State of Fear

"The gas tank might explode..."

 

"I don't want to leave," he said. "I'm not leaving." His knuckles were white, gripping the wheel. Ahead, Sarah saw a clearing in the forest. It was a large clearing, with high, yellow grass.

 

A lightning bolt smashed down with a fearsome crack, shattering the side mirror, which blew apart like a bomb. A moment later, they heard a softwhump. The car tilted to one side. "Oh shit," Evans said. "It blew a tire."

 

"So much for the insulation," she said.

 

The car was now grinding, the underside scraping over a dirt rut, metal squealing.

 

"Peter," she said.

 

"All right, all right, just let me get to the clearing."

 

"I don't think we can wait."

 

But the rut ended, the road flattened, and Evans drove forward, creaking on the rim, into the clearing. Raindrops spattered the windshield. Above the grass, Sarah saw the roofs of wooden buildings bleached by the sun. It took her a moment to realize that this was a ghost town. Or a mining town.

 

Directly ahead was a sign, auroraville, pop. 82. Another lightning bolt crashed down, and Evans hit the sign, knocking it over.

 

"Peter, I think we're here."

 

"Okay, yeah, let me get a little closer--"

 

"Now, Peter!"

 

He stopped the car, and they flung open their doors in unison. Sarah threw herself bodily onto the ground, and another bolt crashed so close to her that the blast of hot air knocked her sideways and sent her rolling on the ground. The roar of the lightning was deafening.

 

She got up on hands and knees, and scrambled around to the back of the vehicle. Evans was on the other side of the SUV, yelling something, but she couldn't hear him. She examined the rear bumper. There was no attachment, no device.

 

There was nothing there.

 

But she had no time to think, because another bolt struck the back of the SUV, rocking it, and the rear window shattered, sprinkling her with shards of glass. She fought panic and scrambled forward, staying low as she moved around the SUV and through the grass toward the nearest building.

 

Evans was somewhere ahead, yelling to her.
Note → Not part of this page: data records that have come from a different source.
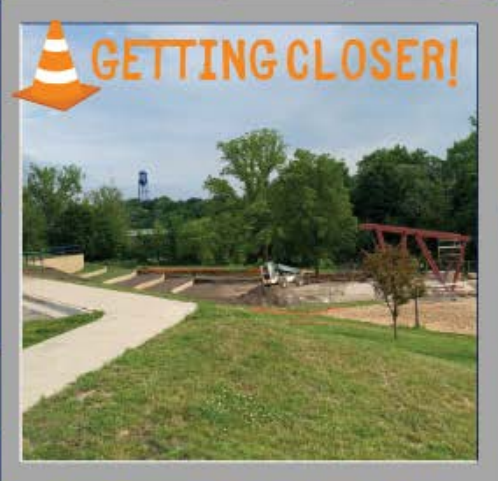
Performance Shelter Venue

For many months of patiently enduring the construction at Jaycee Park, we thank you! We hope you will take pride in the tremendous improvements #NaturallyGrand that are now (finally) ready
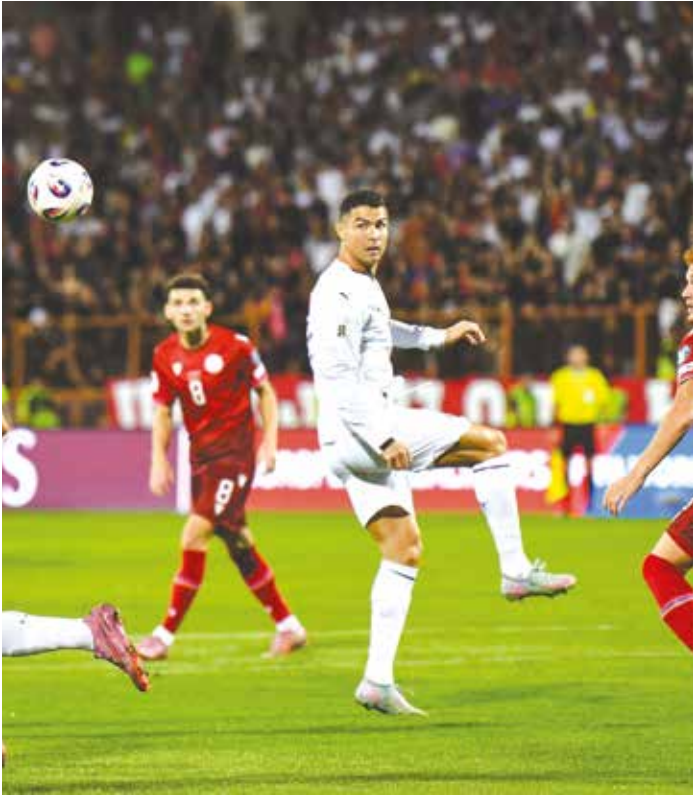
Portugal's forward Cristiano Ronaldo in action
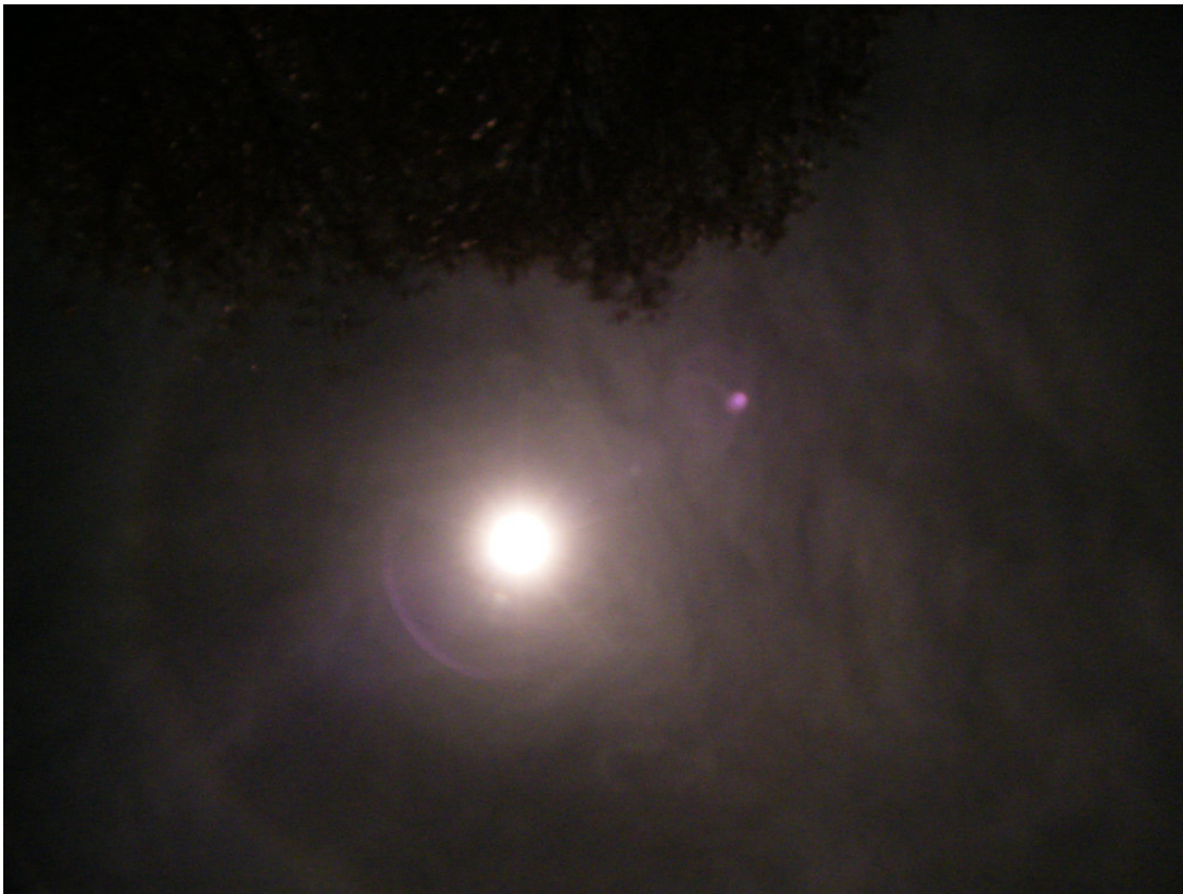
11-21-2010 00:17 – The moon was almost overhead as I got this shot with the near infrared camera, just barely getting the cotton wood tree. The over all reddish tint is due to near infrared being reflected by the moon; while the overall cloudy appearance is the moisture in the air reflecting the near infrared more than it reflects the visible spectrum.
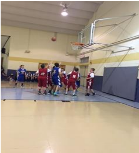
Jr. High Boys vs. Pike Christian
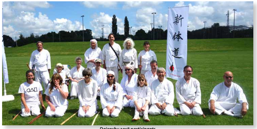
Daienshu 2018 participants

Notes on the Daienshu at the Pioneer Centre, 1-3 June 2018.
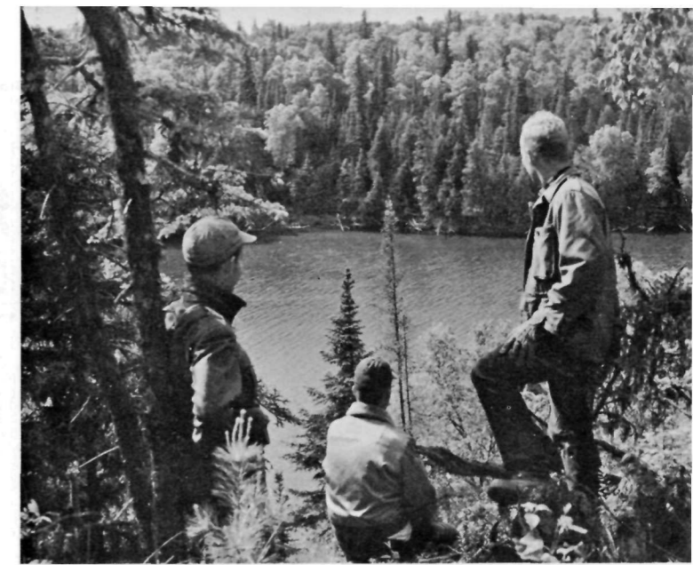
Let's stay awhile.

There are no regular medical services in Isle Royale National Park. Therefore, extreme care must be taken to avoid accidents. Those who knowingly have heart difficulty or some similar ailment should, in their own interest, consult their physicians before planning a visit. Often there are physicians among the guests at the lodges, and their services are always sought in emergencies; but their presence at the right place at the time of emergency is only coincidental. A plane or boat can carry injured or ill persons to Houghton where good medical services and a hospital are available . . . if weather permits .
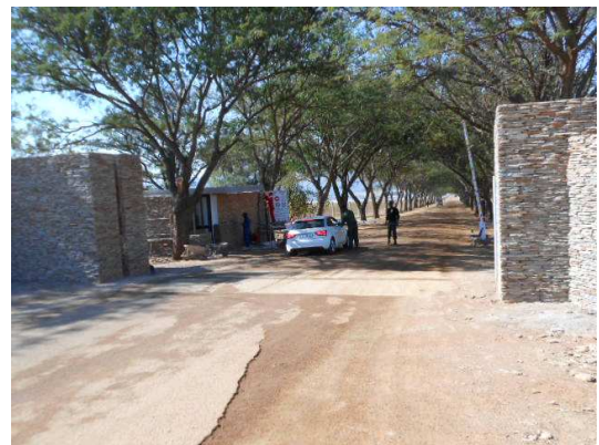
Facility main entrance

The information contained in this document is confidential. If you are not the intended recipient, be aware that any disclosure, copying, distribution, or use of the contents is prohibited. This restriction is applicable to all sheets of this document. If you receive this document in error please notify us so that we can arrange retrieval of the document.
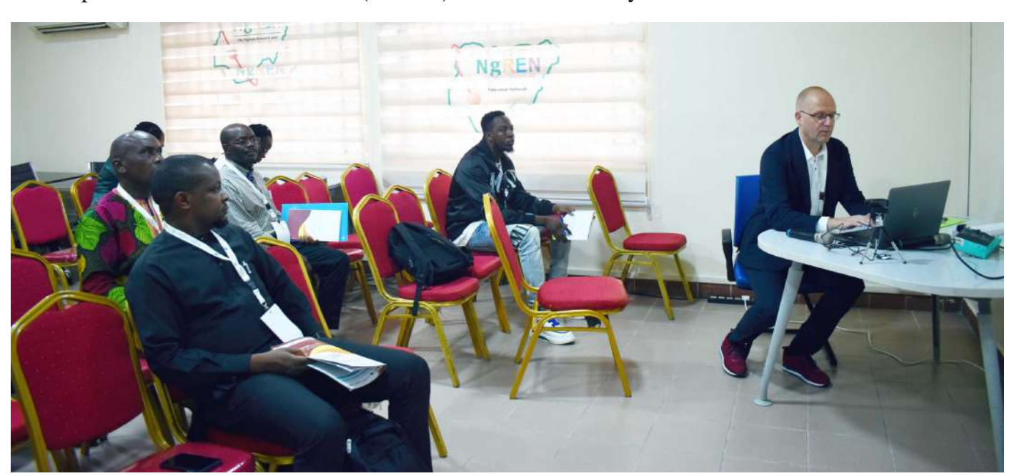
Other Parallel Group Discussions on-going at the Conference

Goodwill messages were delivered by representatives of the Nigerian Directorate of Employment (NDE); International Labour

But she couldn't hear him over the rumbling thunder. She just didn't want another bolt, not now, if she could just go a few more seconds...

 

Her hands touched wood. A board.

 

A step.

 

She crawled forward quickly, pushing aside the grass, and now she saw a porch, a dilapidated building, and swinging from the roof a sign bleached so gray she couldn't see what it said. Evans was inside, and she scrambled forward, ignoring the splinters in her hands, and he was yelling, yelling.

 

And she finally heard what he was saying:

 

"Look out for the scorpions!"

 

They were all over the wooden porch--tiny, pale yellow, with their stingers in the air. There must have been two dozen. They moved surprisingly fast, scampering sideways, like crabs.

 

"Stand up!"

 

She got to her feet, and ran, feeling the arachnids crunch under her feet. Another lightning bolt smashed into the building's roof, knocking down the sign, which fell in a cloud of dust onto the porch.

 

But then she was inside the building. And Evans was standing there, fists raised, yelling, "Yes! Yes! We did it!"

 

She was gasping for breath. "At least they weren't snakes," she said, chest heaving.

 

Evans said, "What?"

 

"There're always rattlers in these old buildings."

 

"Oh Jesus."

 

Outside, thunder rumbled.

 

And the lightning started again.

 

Through the shattered, grimy window Sarah was looking at the SUV, and thinking that now that they had left the car, there were no more lightning strikes on the SUV...thinking...nothing on the bumper...then why had the pickup nudged the SUV? What was the point? She turned to ask Evans if he had noticed--

 

And a lightning bolt blasted straight down through the roof, smashing it open to the dark sky, sending boards flying in all directions, and blasting into the ground right where she had been standing. The lightning left a blackened pattern of jagged streaks, like the shadow of a thorn bush on the floor. The ozone smell was strong. Wisps of smoke drifted up from the dry floorboards.

 

"This whole building could go," Evans said. He was already flinging a side door open, heading outside.

 

"Stay low," Sarah said, and followed him out.

 

The rain was coming down harder, big splattering drops that struck her back and shoulders as she ran to the next building. It had a brick chimney, and looked generally better built. But the windows were the same, broken and thickly coated with dust and grime.